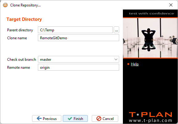 最終画面では、リポジトリをクローンする対象パスとフォルダ名を選択できます。クローン元となるオリジナルリポジトリの名前も指定可能です("リモート名")。デフォルト名はoriginです。ほとんどのドキュメントや例でこの名前が使用されているため、そのまま使用することを推奨します::
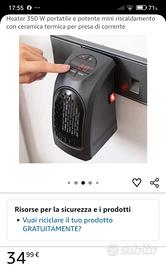 vendo causa inutilizzo tre piccoli potenti nuovi termo ventilatori portatili da 350 w, riscaldamento con ceramica termica e termostato regolabile con display digitale a led, da 15 a 32 gradi con timer e velocità della ventola per irradiare il calore e molte altre funzioni, perfetto per scaldare velocemente piccoli ambienti come cucina, camere, camper e mani e piedi ecc. ecc. Si vendono in blocco tutti e tre insieme, valore del nuovo circa 100 euro, spedizione gratuita.
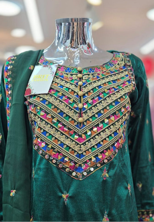 Brit 3 piece velvet_6041 ladies Pakistani suit Green B13
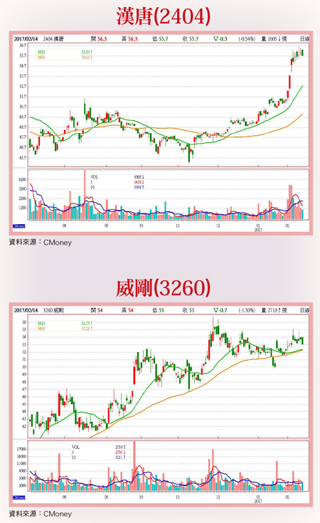 由於歐美股市主要指數,目前因德國去年貿易順差成功創歷史新高,以及美股投資人仍樂觀期待,川普總統後續施行稅改新政對股市激勵效果,成功維持市場信心續達一定強度下,因此持續呈現偏多格局;加上台股市場資金活水仍繼續量增、灌頂下,成交量明顯擴增達千億元以上,大盤亦持續偏多熱絡氣氛。新光鋼財報表現佳 基礎建設帶動鋼材快速消化本週理周投研部精選財報表現成果佳、營收獲利成長動能強,產業基本面前景展望透明度高、營收成長動能有望轉強,外資及投信法人搶著卡位,市場籌碼穩定度進一步拉高,股價後市有望走出波段漲勢鏢股者:新光鋼(2031)、漢唐(2404)、威剛(3260)等個股。新光鋼(2031):台灣鋼板、熱軋鋼板、型鋼、不鏽鋼大廠,公告今年一月合併營收六.六四億元,月減七.七八%,年增率多達四五.一三%。新光鋼指出,美國新總統川普上任後,一心貫徹大量基礎建設施政承諾與目標,不僅可大為助益美國整體建設發展前景持續好轉,同時也將因為各式大型基礎建設會消耗大量鋼鐵、有助鋼材存貨快速去化,自然可為整體鋼鐵市場帶來很大程度的正面幫助。另外,有關台灣國內鋼鐵整體市場需求方面,政府目前正持續規畫多項公共建設方案,預計第二季至第三季期間,即將陸續發包開標,後市亦可望因此強勢帶動台灣鋼材市場,需求力道大幅增強,有助包含新光鋼在內台灣各家鋼鐵廠後市營運。法人機構預估新光鋼今年全年營收年增率約四.八九%,營收總額約可達七二億元左右,全年EPS可進一步成長達一.八四元左右。漢唐(2404):台灣半導體、光電業無塵室工程及設備大廠,公告今年一月合併營收一四.八九億元,月增率負一一.四三%,年增率二.二一%。
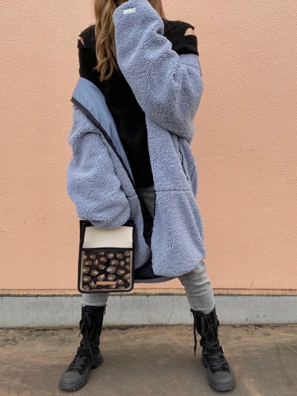 プードル🐩みたいなモコモコパイピングボアロングコート🧥 くすみブルー🫐も可愛い🥺
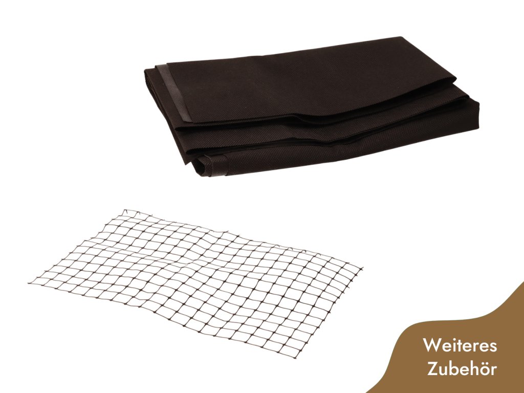 Zum Hochbeet aus Holz können Sie bei uns Vlies oder ein Netz gegen Nagetiere kaufen. Dies erhöht den Schutz der Ernte vor Gartenschädlingen und reduziert das Unkrautwachstum auf ein Minimum.
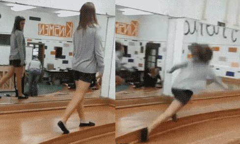 동영상에는 한 여성이 거울을 바라보며 워킹 연습을 하는 모습이 담겨있다. 이 여성은 몇 걸음을 걷다 계단을 잘못 밟아 앞으로 넘어지고 만다.
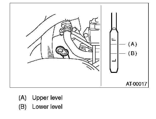 5) Remove the oil level gauge again, and check the level of differential gear oil. If the differential gear oil level is below "L" line, add oil to bring the level up to "F" line.

───

Please quote the records above exactly, beginning at the line that contains "プードル🐩みたいなモコモコパ" and ending at their last line. Leave the pictures out.

■ **EXERCISE RESPONSE**:
 プードル🐩みたいなモコモコパイピングボアロングコート🧥 くすみブルー🫐も可愛い🥺
 Zum Hochbeet aus Holz können Sie bei uns Vlies oder ein Netz gegen Nagetiere kaufen. Dies erhöht den Schutz der Ernte vor Gartenschädlingen und reduziert das Unkrautwachstum auf ein Minimum.
 동영상에는 한 여성이 거울을 바라보며 워킹 연습을 하는 모습이 담겨있다. 이 여성은 몇 걸음을 걷다 계단을 잘못 밟아 앞으로 넘어지고 만다.
 5) Remove the oil level gauge again, and check the level of differential gear oil. If the differential gear oil level is below "L" line, add oil to bring the level up to "F" line.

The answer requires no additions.